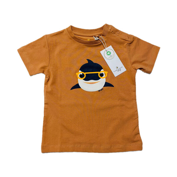 Mazuļu tkrekls no GOTS sertificētas kokvilnas. Ar haizivs motīvu. Pleca daļā spiedpogas ērtākai ģērbšanai.
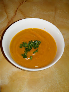 Creamy Avocado and Sweet Potato Soup. It was pretty tasty. I like a creamy soup now and again. It was a good way to use up the avocado that was reaching the end. In fact, I have an avocado and a sweet potato that I need to use. This would be an excellent soup for his week.
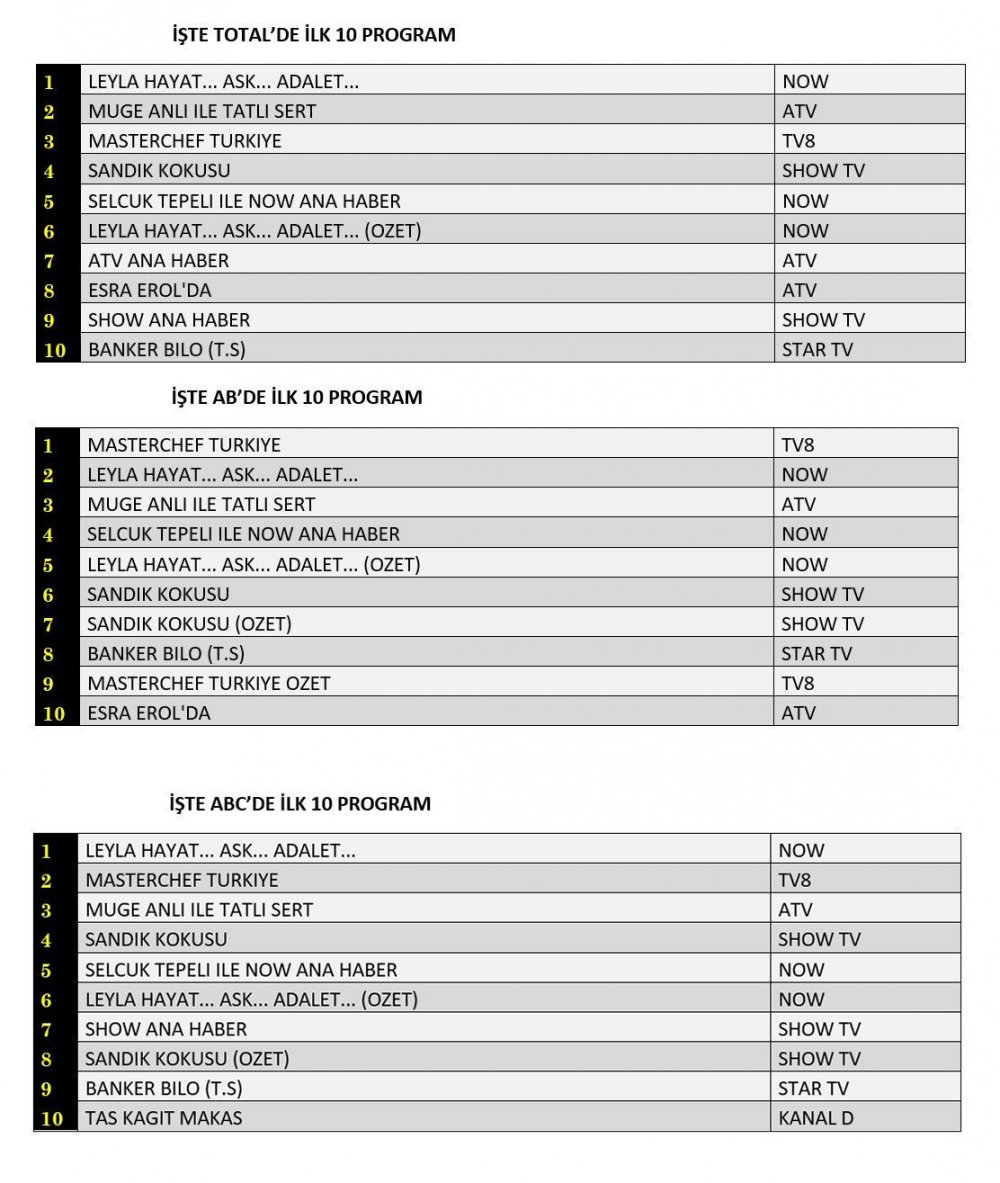 ABC'de ise 1.sırada “Leyla Hayat… Aşk… Adalet…”, 2.sırada “Masterchef Türkiye”, 3.sırada “Müge Anlı İle Tatlı Sert” yer aldı.

------------------------------------------------------------------------

§ Aim of the task: For each line above, output its wording exactly and leave out any picture.

§ Result of this exercise:
 Mazuļu tkrekls no GOTS sertificētas kokvilnas. Ar haizivs motīvu. Pleca daļā spiedpogas ērtākai ģērbšanai.
 Creamy Avocado and Sweet Potato Soup. It was pretty tasty. I like a creamy soup now and again. It was a good way to use up the avocado that was reaching the end. In fact, I have an avocado and a sweet potato that I need to use. This would be an excellent soup for his week.
 ABC'de ise 1.sırada “Leyla Hayat… Aşk… Adalet…”, 2.sırada “Masterchef Türkiye”, 3.sırada “Müge Anlı İle Tatlı Sert” yer aldı.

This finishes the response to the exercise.